WHAT YOU NEED TO DO: If an entry holds a picture, leave the picture out and copy the rest exactly.

GIVEN INFORMATION:
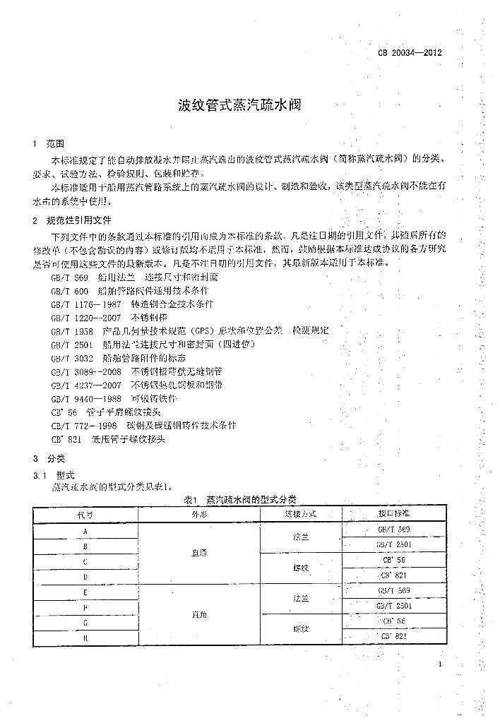 CB 20034-2012 波纹管式蒸汽疏水阀
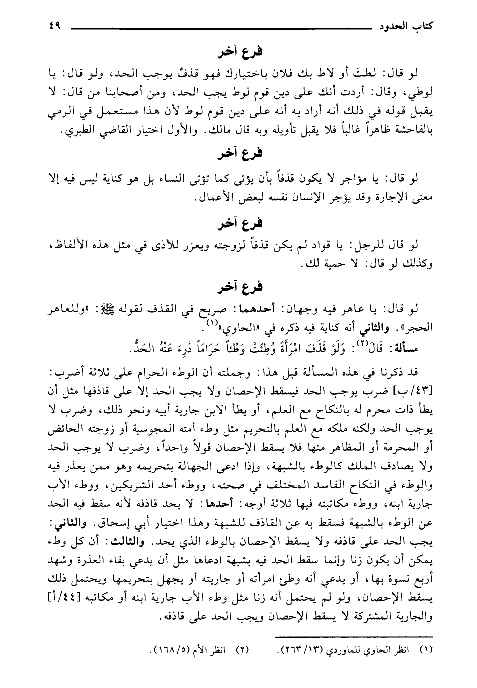 قد ذكرنا في هذه المسألة قبل هذا: وجملته أن الوطء الحرام على ثلاثة أضرب: [43/ب] ضرب يوجب الحد فيسقط الإحصان ولا يجب الحد إلا على قاذفها مثل أن يطأ ذات محرم له بالنكاح مع العلم، أو يطأ الابن جارية أبيه ونحو ذلك، وضرب لا يوجب الحد ولكنه ملكه مع العلم بالتحريم مثل وطء أمته المجوسية أو زوجته الحائض أو المحرمة أو المظاهر منها فلا يسقط الإحصان قولًا واحدًا، وضرب لا يوجب الحد ولا يصادف الملك كالوطء بالشبهة، وإذا ادعى الجهالة بتحريمه وهو ممن يعذر فيه والوطء في النكاح الفاسد المختلف في صحته، ووطء أحد الشريكين، ووطء الأب جارية ابنه، ووطء مكاتبته فيها ثلاثة أوجه: أحدها: لا يحد قاذفه لأنه سقط فيه الحد عن الوطء بالشبهة فسقط به عن القاذف للشبهة وهذا اختيار أبي إسحاق. والثاني: يجب الحد على قاذفه ولا يسقط الإحصان بالوطء الذي يحد. والثالث: أن كل وطء يمكن أن يكون زنا وإنما سقط الحد فيه بشبهة ادعاها مثل أن يدعي بقاء العذرة وشهد أربع نسوة بها، أو يدعي أنه وطئ امرأته أو جاريته أو يجهل بتحريمها ويحتمل ذلك يسقط الإحصان، ولو لم يحتمل أنه زنا مثل وطء الأب جارية ابنه أو (مكاتبته) [44/أ] والجارية المشتركة لا يسقط الإحصان ويجب الحد على قاذفه.
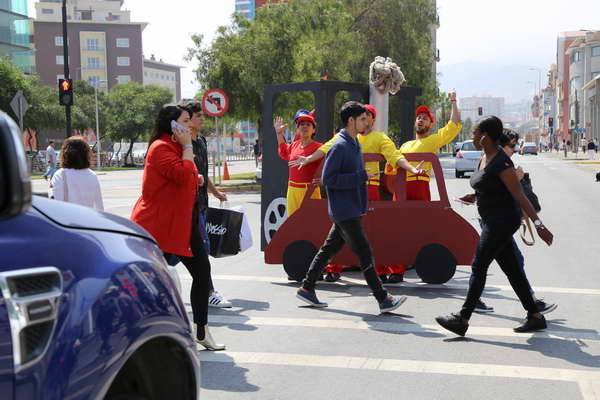 Un ciclista, una persona trotando y otra a bordo de un skate, cruzan distraídos la línea férrea, momento en que el operador de una locomotora toca la bocina e insta a los deportistas a prestar atención, deteniéndose, mirando y escuchando. Esta es solo una de las escenas que realizaron y seguirán protagonizando los actores de la compañía “La Favorecedora”, en el marco de las intervenciones urbanas, contempladas en la iniciativa ‘Cuida tu Vida, Respeta la Vía.
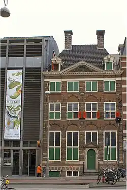 - ↑ Adresse actuelle : Jodenbreestraat 4 1011 NK Amsterdam
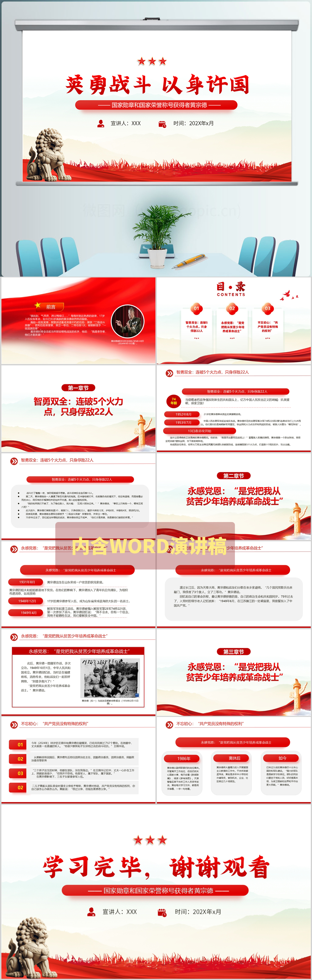 国家勋章和国家荣誉称号获得者黄宗德英勇战斗以身许国党课PPT课件(内含WO

REPLY:
 CB 20034-2012 波纹管式蒸汽疏水阀
 قد ذكرنا في هذه المسألة قبل هذا: وجملته أن الوطء الحرام على ثلاثة أضرب: [43/ب] ضرب يوجب الحد فيسقط الإحصان ولا يجب الحد إلا على قاذفها مثل أن يطأ ذات محرم له بالنكاح مع العلم، أو يطأ الابن جارية أبيه ونحو ذلك، وضرب لا يوجب الحد ولكنه ملكه مع العلم بالتحريم مثل وطء أمته المجوسية أو زوجته الحائض أو المحرمة أو المظاهر منها فلا يسقط الإحصان قولًا واحدًا، وضرب لا يوجب الحد ولا يصادف الملك كالوطء بالشبهة، وإذا ادعى الجهالة بتحريمه وهو ممن يعذر فيه والوطء في النكاح الفاسد المختلف في صحته، ووطء أحد الشريكين، ووطء الأب جارية ابنه، ووطء مكاتبته فيها ثلاثة أوجه: أحدها: لا يحد قاذفه لأنه سقط فيه الحد عن الوطء بالشبهة فسقط به عن القاذف للشبهة وهذا اختيار أبي إسحاق. والثاني: يجب الحد على قاذفه ولا يسقط الإحصان بالوطء الذي يحد. والثالث: أن كل وطء يمكن أن يكون زنا وإنما سقط الحد فيه بشبهة ادعاها مثل أن يدعي بقاء العذرة وشهد أربع نسوة بها، أو يدعي أنه وطئ امرأته أو جاريته أو يجهل بتحريمها ويحتمل ذلك يسقط الإحصان، ولو لم يحتمل أنه زنا مثل وطء الأب جارية ابنه أو (مكاتبته) [44/أ] والجارية المشتركة لا يسقط الإحصان ويجب الحد على قاذفه.
 Un ciclista, una persona trotando y otra a bordo de un skate, cruzan distraídos la línea férrea, momento en que el operador de una locomotora toca la bocina e insta a los deportistas a prestar atención, deteniéndose, mirando y escuchando. Esta es solo una de las escenas que realizaron y seguirán protagonizando los actores de la compañía “La Favorecedora”, en el marco de las intervenciones urbanas, contempladas en la iniciativa ‘Cuida tu Vida, Respeta la Vía.
 - ↑ Adresse actuelle : Jodenbreestraat 4 1011 NK Amsterdam
 国家勋章和国家荣誉称号获得者黄宗德英勇战斗以身许国党课PPT课件(内含WO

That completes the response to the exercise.